Prompt: Every line from the one with "Но не стоит" up to and including the one with "S925纯银项链 针尾可调节盒子链十字链 银镀金锁骨链DIY银饰裸链" is to be output exactly as it appears below; pictures are not.
────────────────
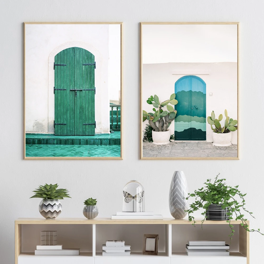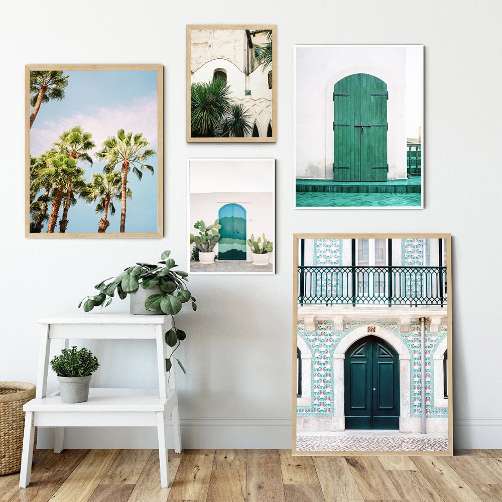 Скандинавская Настенная картина, Лиссабон, Португалия, холст, живопись, современная синяя дверь, Зеленая дверь, Постер и печать для декора гостиной
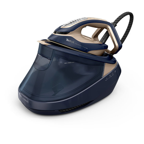 Gőzállomás - függőleges gőzölés, kábeles, 3000 W teljesítmény, gőzkibocsátás 215 g/perc, gőzlövet 820 g/perc, gőznyomás 9 bar, vasalótalp anyaga durilium, kivehető víztartály, spriccelés, termosztát és függőleges gőzölés, ECO mód, anti-drip rendszer (csöpögés ellen) és automatikus kikapcsolás, vízkő gyűjtő a csomag része, tartály űrtartalma 1200 ml, kábel hosszúsága 1,6 m, tömege 5400 g, kék és arany kivitel Tefal GV9910E0 Pro Express Vision Max g
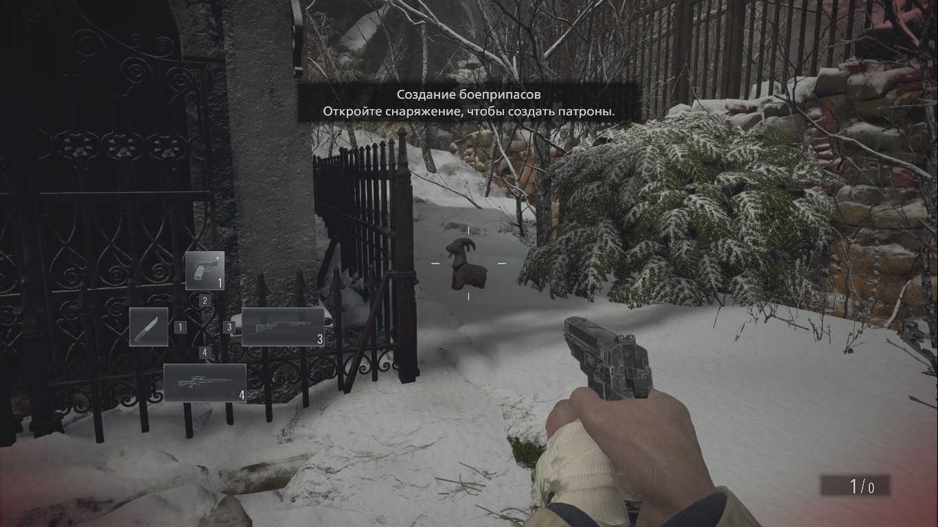 Но не стоит бояться, что Resident Evil превратилась в Far Cry — местную деревню можно обойти по периметру буквально за пять минут. А никаких сайд-квестов и прочей чепухи в игре нет. Вопросы вызывает разве что «охота» — в Village можно стрелять кур, рыбу и других животных, чтобы потом у местного торговца Герцога готовить из них еду. Блюд всего несколько, каждое навсегда повышает либо здоровье, либо защиту, либо скорость героя — такой вот странноватый способ прокачки. Места обитания животных отмечены на карте и зверье не возрождается, так что охота — это просто еще одна грань обшаривания локации. Механика не плохая и не грузящая — я, например, вообще за дичью не ходил, охотился только по пути, но все равно приготовил все блюда, кроме одного (для него требовалось изловить редкую рыбу). Но это слегка портит атмосферу: погрызенный оборотнями Уинтерс, ищущий дочь, а между делом общипывающий во дворах кур и закидывающий динамит в реку, выглядит чудаковато.
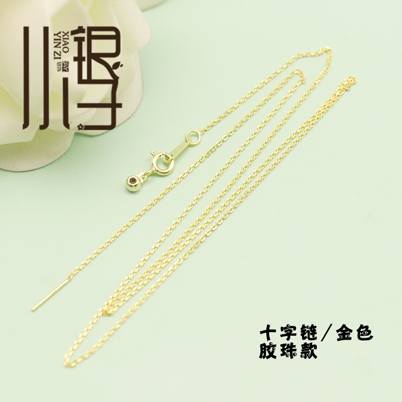 S925纯银项链 针尾可调节盒子链十字链 银镀金锁骨链DIY银饰裸链
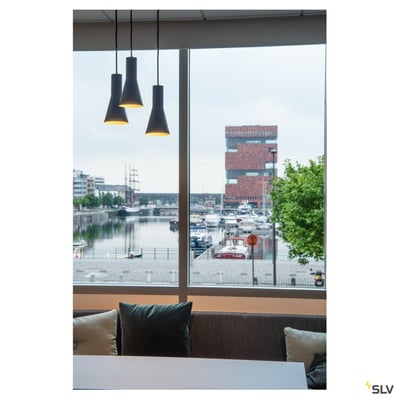 Den koniske 230V pendelserie Phelia åbner for en lysverden af muligheder. Lampen i farven sort/guld har en rund loftrosette. Med den indbyggede E27 sokkel er lampen egnet til LED- og energisparepærer. Lampens pendel er 2 meter lang.
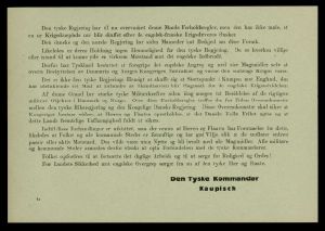 Det flyveblad - OPROP - som blev nedkastet over Danmark i forbindelse med den tyske besættelse 9. april 1940. Underskriveren general Kaupisch var øverstkommanderende for de tyske angrebsstyrker. (Bagside)
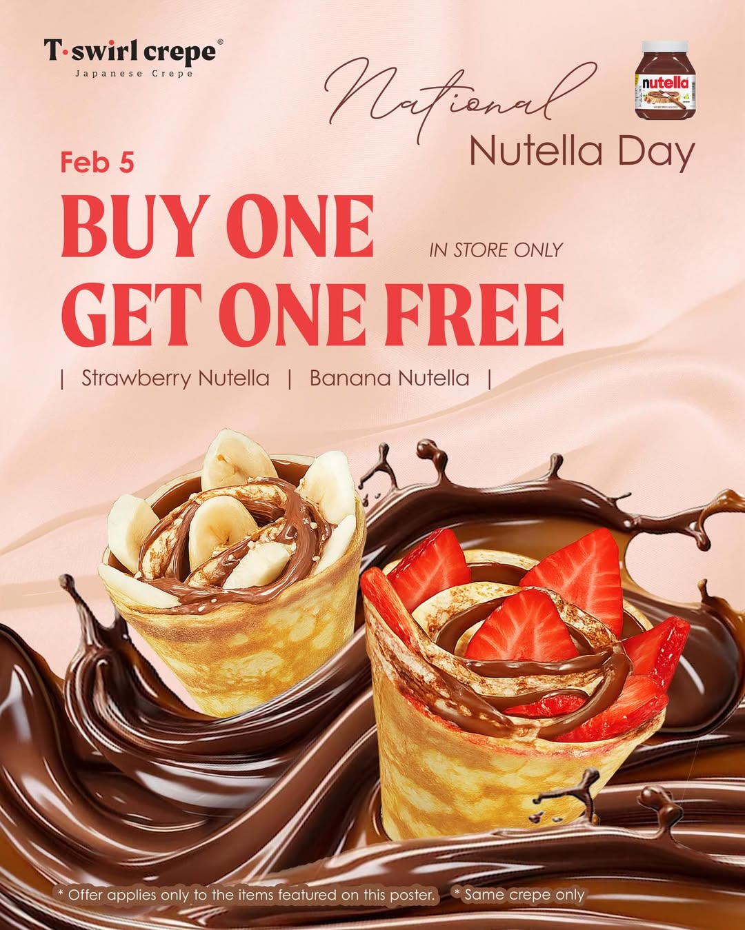 The 1-for-1 crepe deal is applicable to their nutella series, with options like Strawberry Nutella or Banana Nutella. With the discount, you’ll get to enjoy their regular-sized nutella crepes for just $4.95 each (UP. $9.90 each).
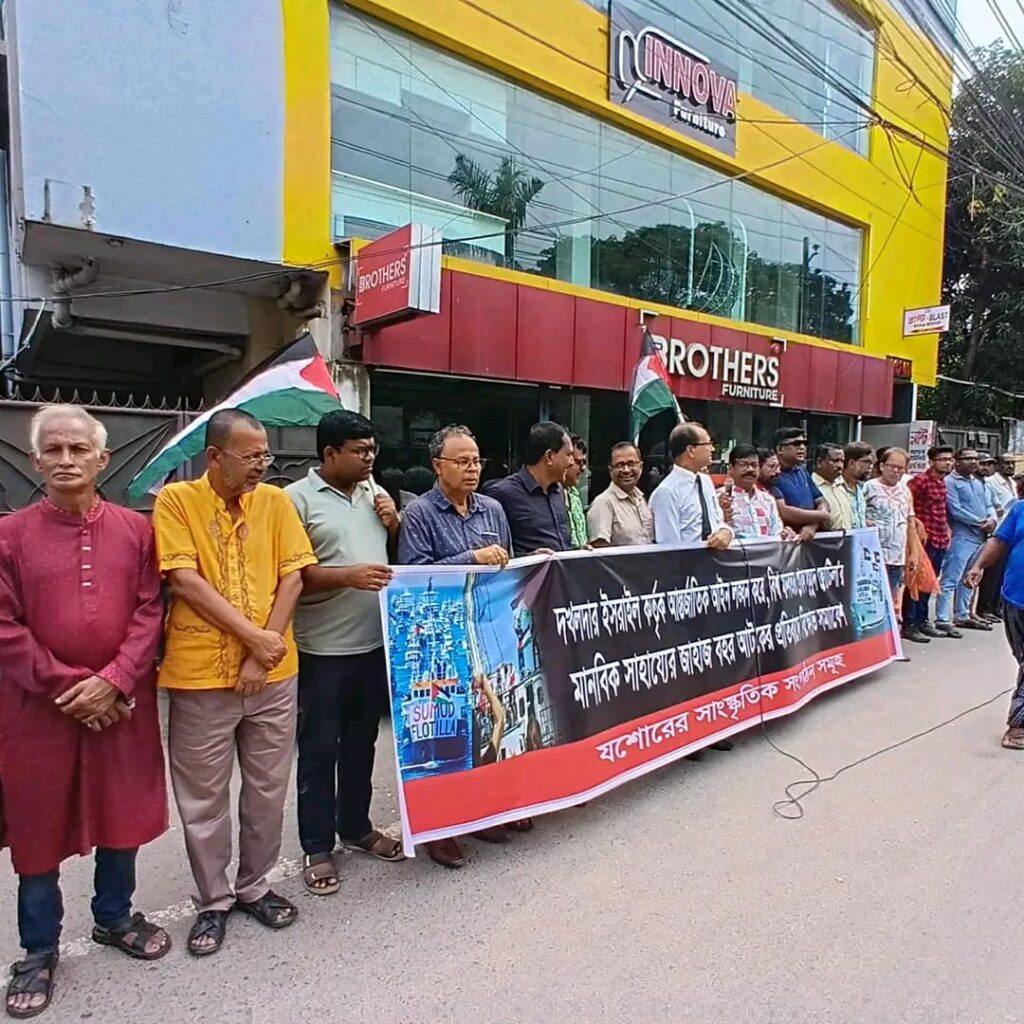 যশোরে গাজার জনগণের জন্য ত্রাণবাহী নৌবহর ‘গ্লোবাল সুমুদ ফ্লোটিলা’ আটকের প্রতিবাদে বিক্ষোভ সমাবেশ অনুষ্ঠিত হয়েছে। মঙ্গলবার সকাল সাড়ে ১১টায় যশোরের সাংস্কৃতিক সংগঠন সমূহের উদ্যোগে প্রেসক্লাব যশোরের সামনে এ বিক্ষোভ সমাবেশের আয়োজন করা হয়। বিক্ষোভ সমাবেশে সভাপতিত্ব করেন সংগঠনের সভাপতি দীপংকর দাস রতন।
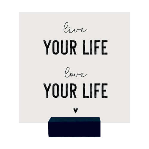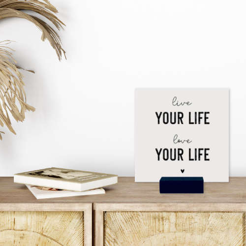 Een heel mooi tegeltje van duurzaam kunststof met de tekst ‘Live your life – Love your life’. Ook leuk om te combineren met andere tegeltjes!
────────────────
Answer to this problem:
 Но не стоит бояться, что Resident Evil превратилась в Far Cry — местную деревню можно обойти по периметру буквально за пять минут. А никаких сайд-квестов и прочей чепухи в игре нет. Вопросы вызывает разве что «охота» — в Village можно стрелять кур, рыбу и других животных, чтобы потом у местного торговца Герцога готовить из них еду. Блюд всего несколько, каждое навсегда повышает либо здоровье, либо защиту, либо скорость героя — такой вот странноватый способ прокачки. Места обитания животных отмечены на карте и зверье не возрождается, так что охота — это просто еще одна грань обшаривания локации. Механика не плохая и не грузящая — я, например, вообще за дичью не ходил, охотился только по пути, но все равно приготовил все блюда, кроме одного (для него требовалось изловить редкую рыбу). Но это слегка портит атмосферу: погрызенный оборотнями Уинтерс, ищущий дочь, а между делом общипывающий во дворах кур и закидывающий динамит в реку, выглядит чудаковато.
 S925纯银项链 针尾可调节盒子链十字链 银镀金锁骨链DIY银饰裸链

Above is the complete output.